INFORMATION SUPPLIED —
•••••
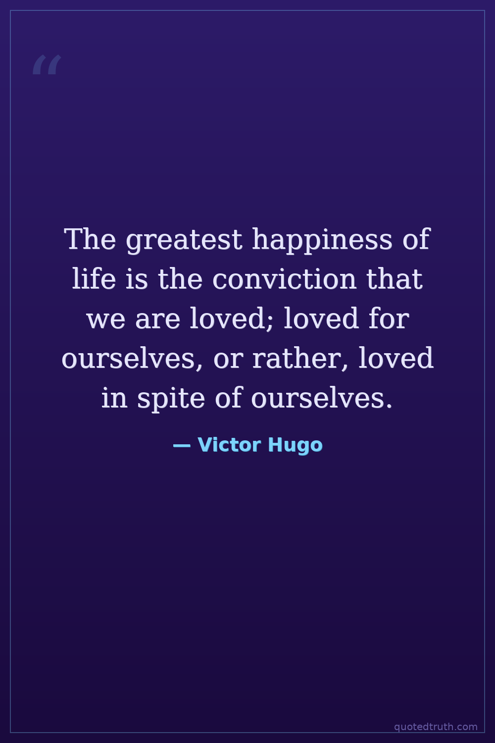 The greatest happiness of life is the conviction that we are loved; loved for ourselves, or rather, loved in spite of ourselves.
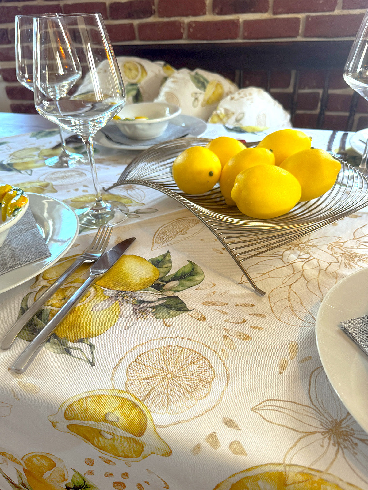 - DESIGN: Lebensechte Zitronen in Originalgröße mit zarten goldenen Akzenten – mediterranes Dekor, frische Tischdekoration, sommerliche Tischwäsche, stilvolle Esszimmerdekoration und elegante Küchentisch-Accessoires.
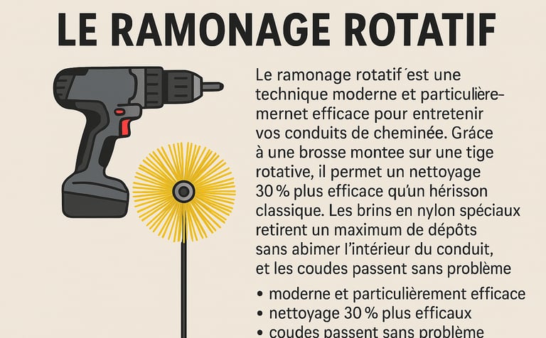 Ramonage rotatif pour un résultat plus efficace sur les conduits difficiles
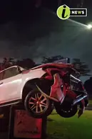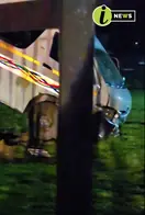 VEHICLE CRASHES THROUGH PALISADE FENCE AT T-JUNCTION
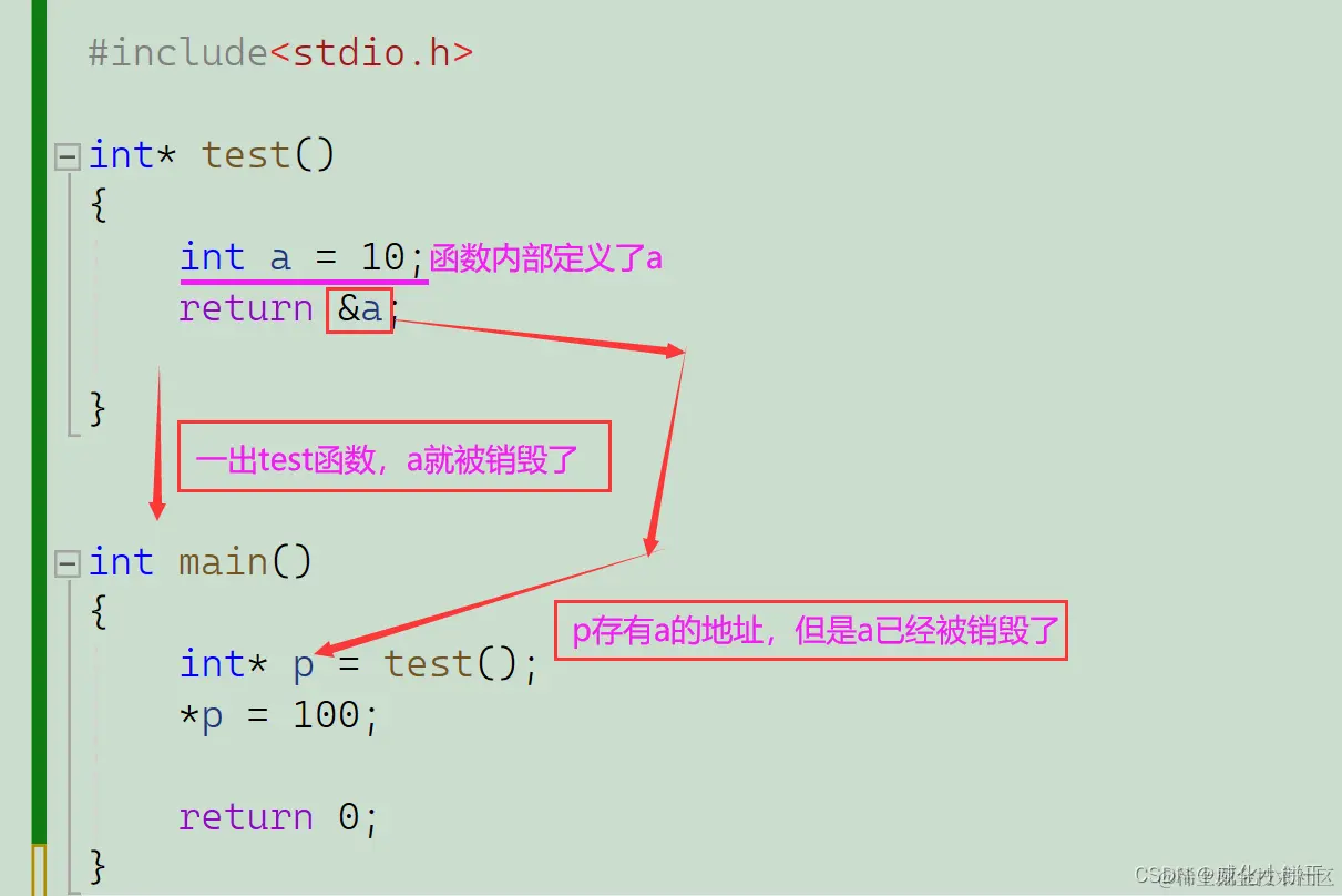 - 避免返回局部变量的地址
•••••
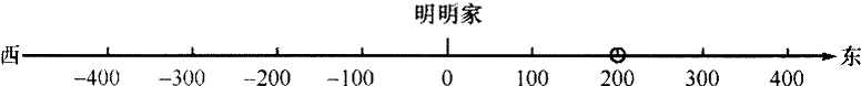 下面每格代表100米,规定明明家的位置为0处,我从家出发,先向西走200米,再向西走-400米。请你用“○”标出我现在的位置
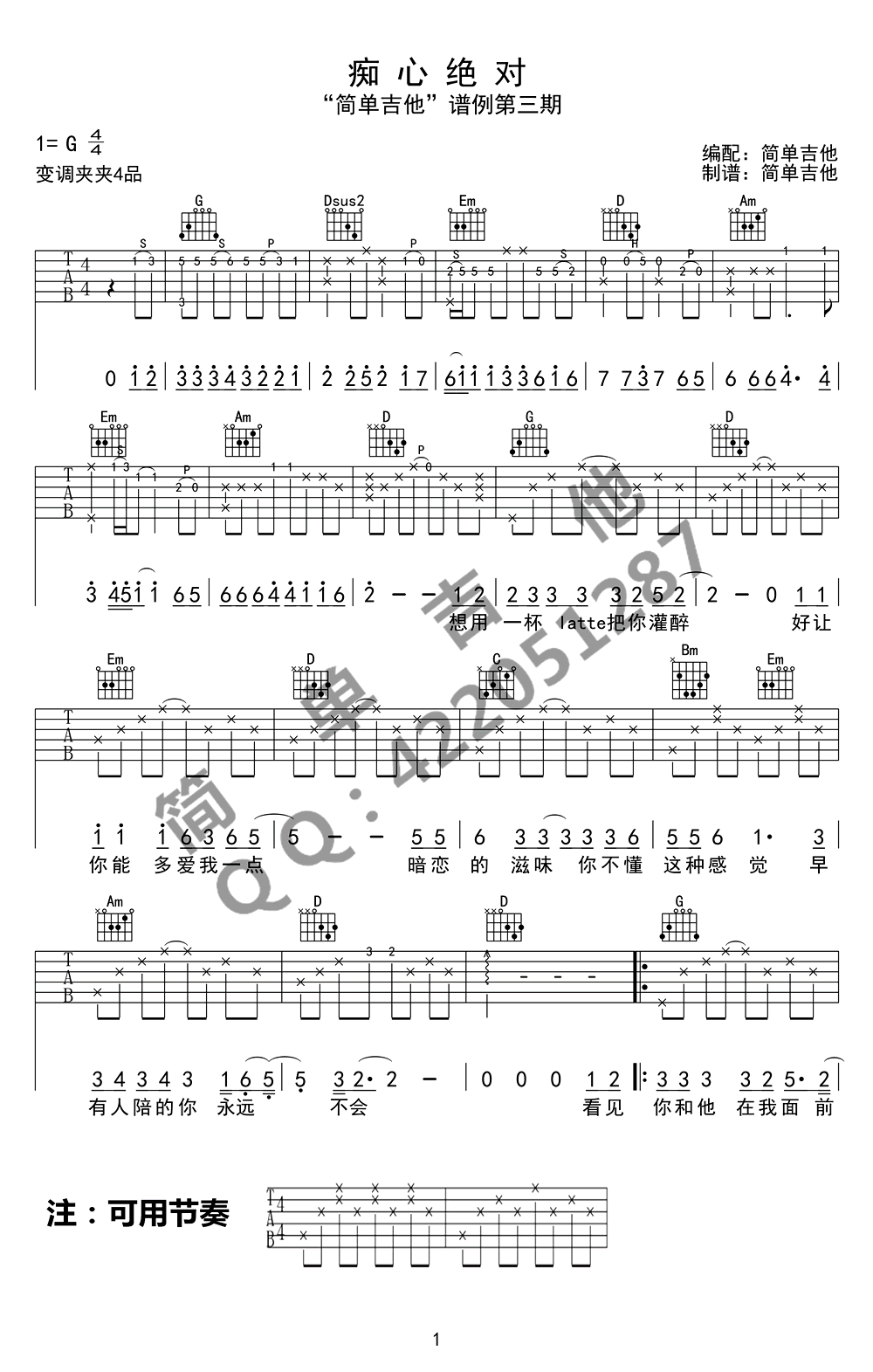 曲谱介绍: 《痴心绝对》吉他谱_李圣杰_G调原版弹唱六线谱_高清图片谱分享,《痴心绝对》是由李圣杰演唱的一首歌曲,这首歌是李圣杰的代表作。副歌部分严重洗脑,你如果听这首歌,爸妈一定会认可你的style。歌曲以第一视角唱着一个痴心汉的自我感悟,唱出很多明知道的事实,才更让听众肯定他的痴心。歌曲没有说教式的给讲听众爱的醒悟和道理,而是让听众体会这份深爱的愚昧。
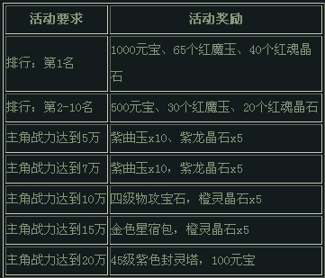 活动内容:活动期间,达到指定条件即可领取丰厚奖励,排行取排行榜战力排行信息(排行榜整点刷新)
•••••
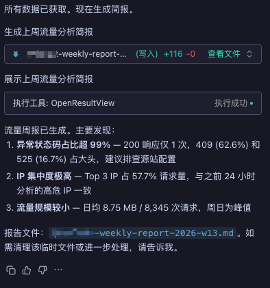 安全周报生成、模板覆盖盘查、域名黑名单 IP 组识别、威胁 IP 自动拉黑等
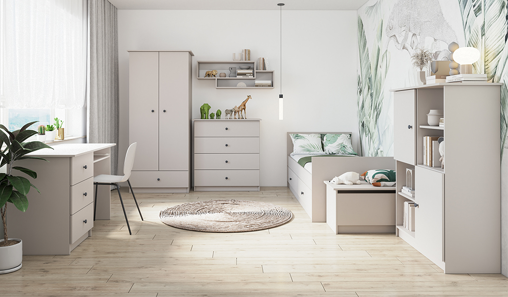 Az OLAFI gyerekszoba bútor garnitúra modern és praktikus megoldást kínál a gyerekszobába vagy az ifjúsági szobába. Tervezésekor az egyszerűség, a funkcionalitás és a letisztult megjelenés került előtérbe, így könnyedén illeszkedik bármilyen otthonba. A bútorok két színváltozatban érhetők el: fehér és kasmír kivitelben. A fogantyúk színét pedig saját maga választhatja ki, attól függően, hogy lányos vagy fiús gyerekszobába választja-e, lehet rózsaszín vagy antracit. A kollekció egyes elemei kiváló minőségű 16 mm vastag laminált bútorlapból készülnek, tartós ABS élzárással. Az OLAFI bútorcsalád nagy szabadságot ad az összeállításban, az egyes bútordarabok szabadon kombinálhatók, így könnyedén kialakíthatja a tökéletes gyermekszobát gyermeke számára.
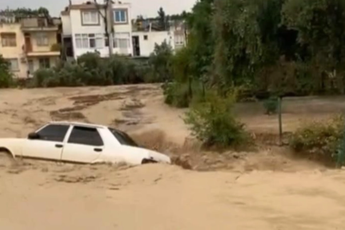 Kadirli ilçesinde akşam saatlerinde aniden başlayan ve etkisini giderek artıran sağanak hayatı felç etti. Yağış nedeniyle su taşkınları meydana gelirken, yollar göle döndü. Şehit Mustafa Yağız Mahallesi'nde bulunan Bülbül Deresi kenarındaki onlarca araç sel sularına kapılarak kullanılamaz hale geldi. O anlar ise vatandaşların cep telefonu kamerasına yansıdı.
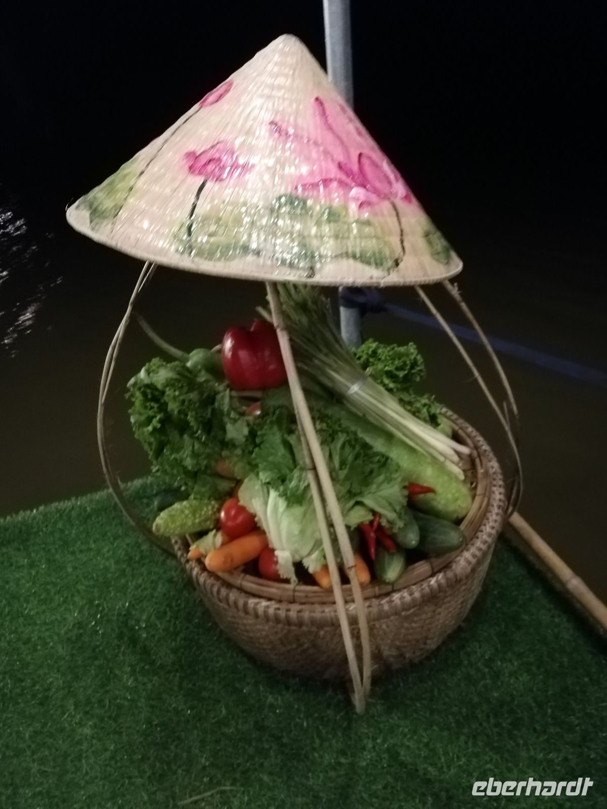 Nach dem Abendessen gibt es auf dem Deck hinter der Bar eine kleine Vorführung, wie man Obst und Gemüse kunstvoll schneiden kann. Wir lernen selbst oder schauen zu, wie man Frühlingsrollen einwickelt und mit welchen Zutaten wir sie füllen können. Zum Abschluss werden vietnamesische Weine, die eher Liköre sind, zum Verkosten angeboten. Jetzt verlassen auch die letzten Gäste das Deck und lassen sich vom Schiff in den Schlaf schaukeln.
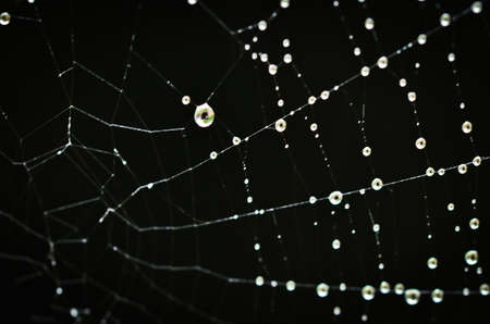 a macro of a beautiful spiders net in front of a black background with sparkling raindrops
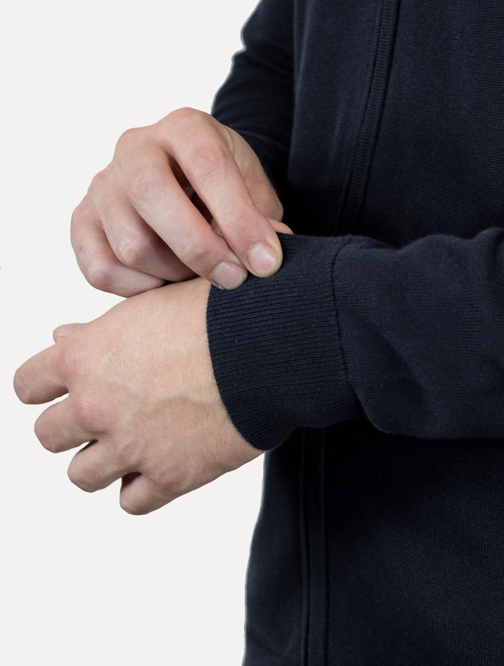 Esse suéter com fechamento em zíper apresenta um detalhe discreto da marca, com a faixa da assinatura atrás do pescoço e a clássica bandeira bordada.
•••••
Using the data above, give again exactly the lines starting at the one holding "Ramonage rotatif pour" and ending at the one holding "- 避免返回局部变量的地址", inclusive, and nothing more. Omit the pictures.

 Ramonage rotatif pour un résultat plus efficace sur les conduits difficiles
 VEHICLE CRASHES THROUGH PALISADE FENCE AT T-JUNCTION
 - 避免返回局部变量的地址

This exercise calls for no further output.